As explained in Choosing an estimator because the sample was selected under stratified random sampling using a categorical change map to define strata, the stratified estimator is efficient for estimating area.
Run the script 3_0_stratified_estimation. Because we need the strata weights and because we can easily estimate the accuracy of the map using the sample data, under Specify the map used to stratify, specify “stratification_cambodia_utm_small”; specify “reference” under Specify the reference attribute name; and “STR_sample_Cambodia_interpreted” under Specify the reference feature collection – click Load data; and then “Apply stratified estimator”.
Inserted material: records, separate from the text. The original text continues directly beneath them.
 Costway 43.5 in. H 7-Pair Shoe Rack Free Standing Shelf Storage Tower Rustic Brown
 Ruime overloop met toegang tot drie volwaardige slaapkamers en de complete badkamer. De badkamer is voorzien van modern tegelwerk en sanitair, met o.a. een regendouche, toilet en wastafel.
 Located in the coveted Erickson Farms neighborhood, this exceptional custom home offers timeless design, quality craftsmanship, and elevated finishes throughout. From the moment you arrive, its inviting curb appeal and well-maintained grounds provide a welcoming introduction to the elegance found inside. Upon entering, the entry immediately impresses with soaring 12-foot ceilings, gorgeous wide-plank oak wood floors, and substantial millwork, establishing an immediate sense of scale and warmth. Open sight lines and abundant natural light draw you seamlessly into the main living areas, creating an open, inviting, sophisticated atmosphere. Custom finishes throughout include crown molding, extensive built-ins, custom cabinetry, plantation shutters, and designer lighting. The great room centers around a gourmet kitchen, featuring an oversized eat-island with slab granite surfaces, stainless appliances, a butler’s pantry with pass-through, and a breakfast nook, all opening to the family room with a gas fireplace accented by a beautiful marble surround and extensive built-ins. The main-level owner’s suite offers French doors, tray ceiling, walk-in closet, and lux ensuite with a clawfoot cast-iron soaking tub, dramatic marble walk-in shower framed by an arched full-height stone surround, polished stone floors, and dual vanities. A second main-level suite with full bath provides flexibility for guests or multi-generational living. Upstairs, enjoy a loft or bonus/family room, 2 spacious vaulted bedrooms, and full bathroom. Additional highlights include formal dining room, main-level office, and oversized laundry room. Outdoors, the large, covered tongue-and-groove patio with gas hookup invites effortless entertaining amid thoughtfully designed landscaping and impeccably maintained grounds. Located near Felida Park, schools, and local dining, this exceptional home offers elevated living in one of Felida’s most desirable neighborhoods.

Click Show error matrices to display a cross tabulation of map and reference labels at sample locations. The first matrix shows the number of sample units, \(n_{hj}\) identified as class \(j\) in the reference data in stratum \(h\). The second matrix shows the estimated area proportion of class \(j\) in stratum \(h\) as \(\hat{p}_{hj} = W_h \times n_{hj} \div n_{h+}\).
The stratification we used doesn’t have a buffer stratum so we won’t click Use buffer stratum. (If the forest loss stratum would have been small and the forest stratum large, it would have been a good idea to create and use a buffer around mapped forest loss.)
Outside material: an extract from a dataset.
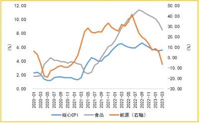 住房租金同比增速仍處高位,勞動力市場有所降溫。住房租金通脹季調環比+0.6%,較上月的0.7%略有下降;同比增速則回升0.1個百分點至8.3%,仍處於高位。值得關注的是3月美國勞動力市場有所降溫,雖然失業率由3.6%降至3.5%,但3月新增非農就業人數錄得23.6萬人,低於預期。並且,3月25日當周初次申請失業金人數大超預期,錄得24.6萬人,預期值僅爲19.6萬人。勞動力市場緊張緩解還反映在不含住房租金的服務分項上,其季調環比實現了零增長,同比增速由6.9%降至6.1%。其他服務來看,醫療護理服務季調環比-0.5%,維持環比負增;休闲服務環比持平(前值1.2%),運輸服務季調環比有所回升,由1.1%升至1.4%。
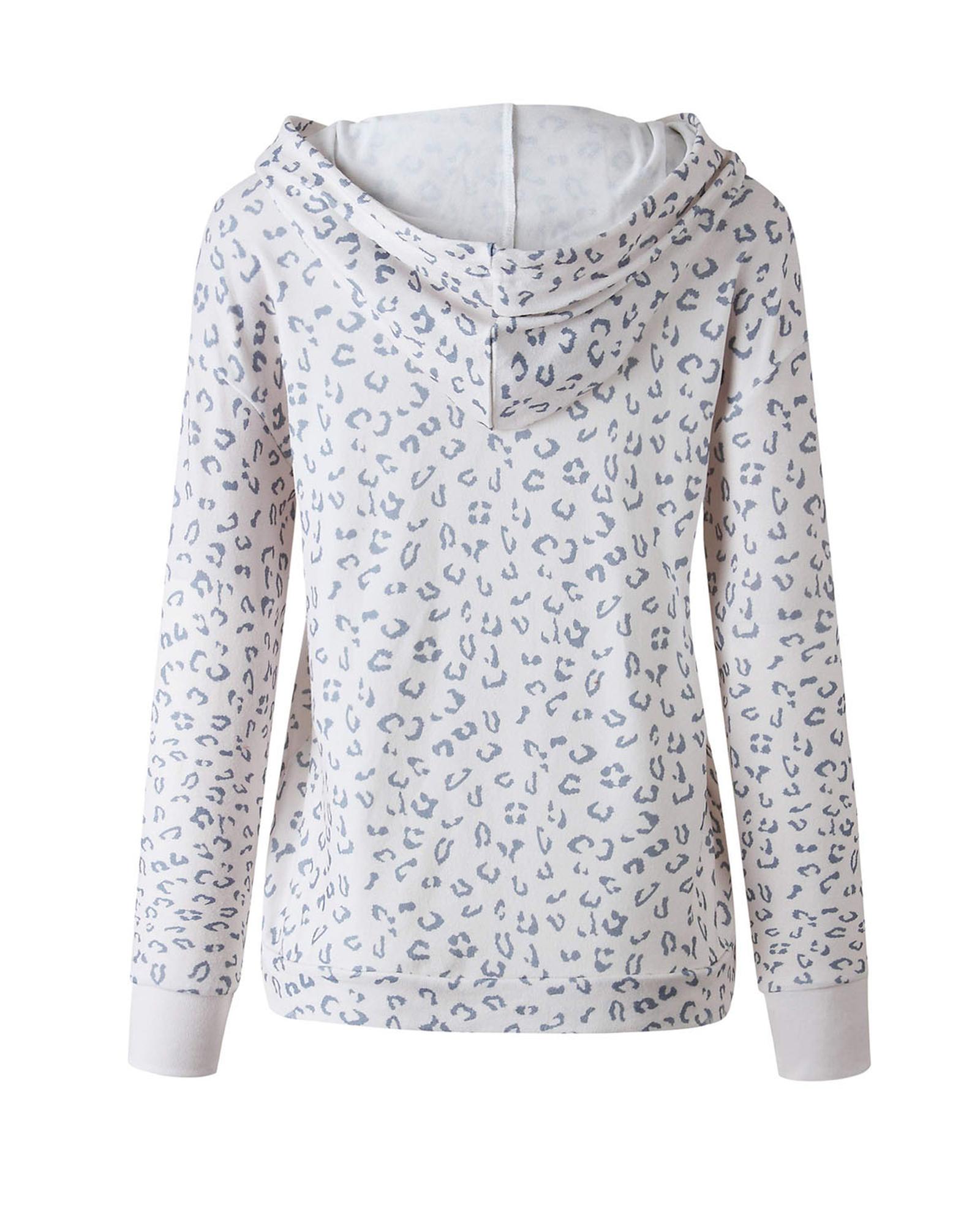 Printed Subtle Slit Plus Size Leopard Hoodie – 4X

In the Dialog, specify class number “4” (forest loss) under Select map class for which to estimate area and accuracy. This will print the area and accuracy estimates with 95% confidence intervals. Change class to view estimates for the other classes. For Forest loss (class 4), the area ± a 95% confidence interval should be 0.0517 ± 0.0120 expressed as proportion of the total study area or 944,987 ± 219,536 ha. User’s accuracy is 0.62, producer’s 0.80 and overall accuracy 0.92.

[1]	Hansen, M. C., Potapov, P. V., Moore, R., Hancher, M., Turubanova, S. A. A., Tyukavina, A., … & Kommareddy, A. (2013). High-resolution global maps of 21st-century forest cover change. Science, 342(6160), 850-853.

[2]	Cochran, W. G. (1977). Sampling techniques. John Wiley & Sons.

[3]	Olofsson, P., Foody, G. M., Herold, M., Stehman, S. V., Woodcock, C. E., & Wulder, M. A. (2014). Good practices for estimating area and assessing accuracy of land change. Remote Sensing of Environment, 148, 42-57.